First, Capote involves his reader. "This immediacy, this spellbinding 'you-are-there' effect, comes less from the sensational facts (which are underplayed) than from the 'fictive' techniques Capote employs" (Hollowell 82). Capote takes historical facts and brings in scenes, dialogue, and point of view to help draw the reader in (Hollowell 82).
Capote also took into consideration which parts of information to use by how dramatic of an appeal they had (Hollowell 82). His talent led him to figure out what would have the most significance and impact to make the story flow for the reader. "The conversations of close friends of the Clutters, of the chief detectives, and even of the killers themselves are powerfully rendered" (Hollowell 82).
In addition, Capote uses dialogue to advance his story and to bring about suspense. His use of point of view helps to manipulate the story line. The way Capote uses an omniscient narrator "promotes 'objectivity' and suggests, at the same time, a complex pattern of cause-and-effect relationships surrounding the crime" (Hollowell 83).
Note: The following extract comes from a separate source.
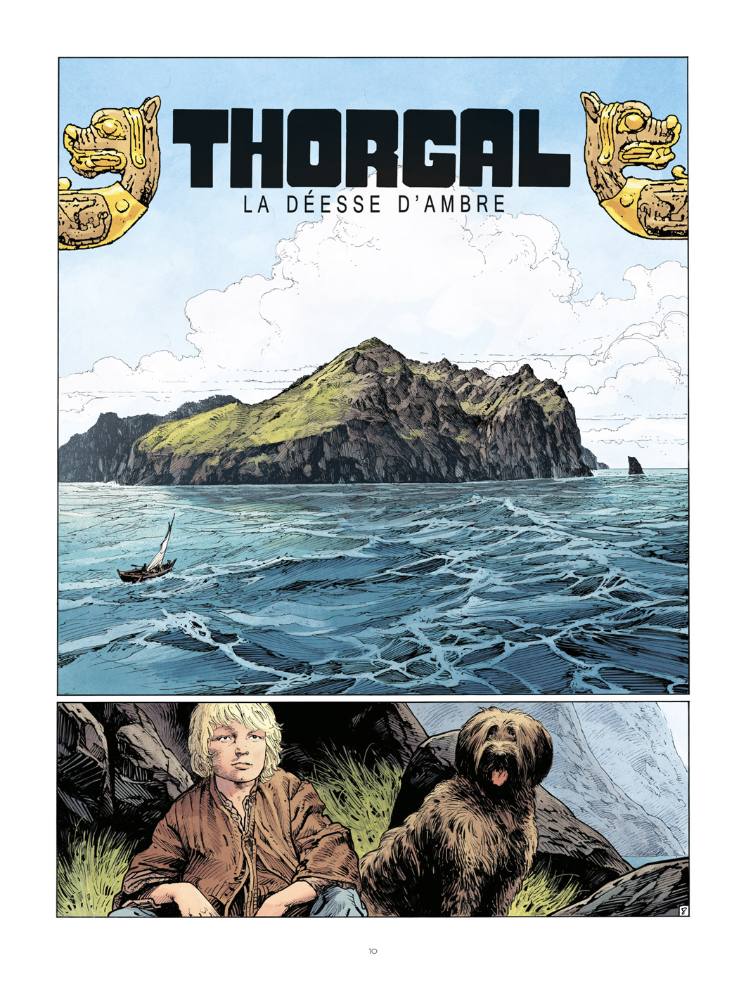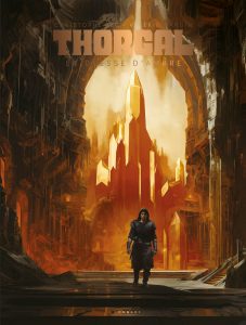 C’est au tour de Valérie Mangin (Alix Senator) et de Christophe Bec (Greenlander) de proposer leur histoire de Thorgal qui se situe là où les deux auteurs ont découvert le héros dans leur adolescence avec Au-delà des ombres. La famille du viking n’est alors composée que de trois membres : Aaricia, Jolan et lui-même, sans compter Muff. Dans une aventure digne des créateurs de la série, Jean Van Hamme et Grzegorz Rosinski, qui leur rend un vibrant hommage, le récit aborde l’amour d’un père pour son fils à travers le sens du sacrifice de Thorgal prêt à donner sa vie pour sauver Jolan. Mais il y est aussi question des punitions que peut infliger Mère Nature lorsque que l’on ne fait pas attention à elle en surexploitant ses ressources par exemple, comme c’est le cas ici avec la personnification de la montagne d’ambre, le déesse Huldra, qui a souffert du pillage de sa résine par les hommes et s’est vengée. Bien sûr, la sororité est au centre de débats avec des femmes fortes qui défendent leurs biens, à l’instar d’Ingrid, en l’absence des hommes. Le scénario pensé par les deux brillants esprits de Valérie Mangin et Christophe Bec est parfait et entraîne les lecteurs aux côtés de l’enfant des étoiles dans une odyssée intense où les décors sont époustouflants de beauté. Le dessin de Christophe Bec, rehaussé avec talent et goût par Gaétan Georges, vient magnifier les écrits. Cela commence avec la superbe couverture dévoilant le palais d’Huldra pour la version classique (pour l’édition spéciale, c’est un portrait d’Huldra), se poursuit avec de nombreuses illustrations pleine page et quatre sur deux pages absolument incroyables. De véritables tableaux représentent le paysage en flammes autour du village d’Ingrid, l’entrée de la mine d’ambre, Huldra sous sa forme démoniaque et, enfin, le faering de Thorgal en pleine mer pour le voyage de retour. L’expérimenté dessinateur, à qui Le Lombard a confié Les Nouvelles Aventures de Bruce J. Hawker, réalise une prestation graphique de très, très haut vol.

The narrator tries to present the facts and stay objective. When he attempts to explain events or adds a fraction of moral to the story, he immediately goes back to using simple narration. Hollowell states that Capote must have realized that through his narration still only one point of view was being presented (83). Even though events could be checked, "any attempt to write a narrative account implies establishing a 'fiction' that best fits the facts as they are known"...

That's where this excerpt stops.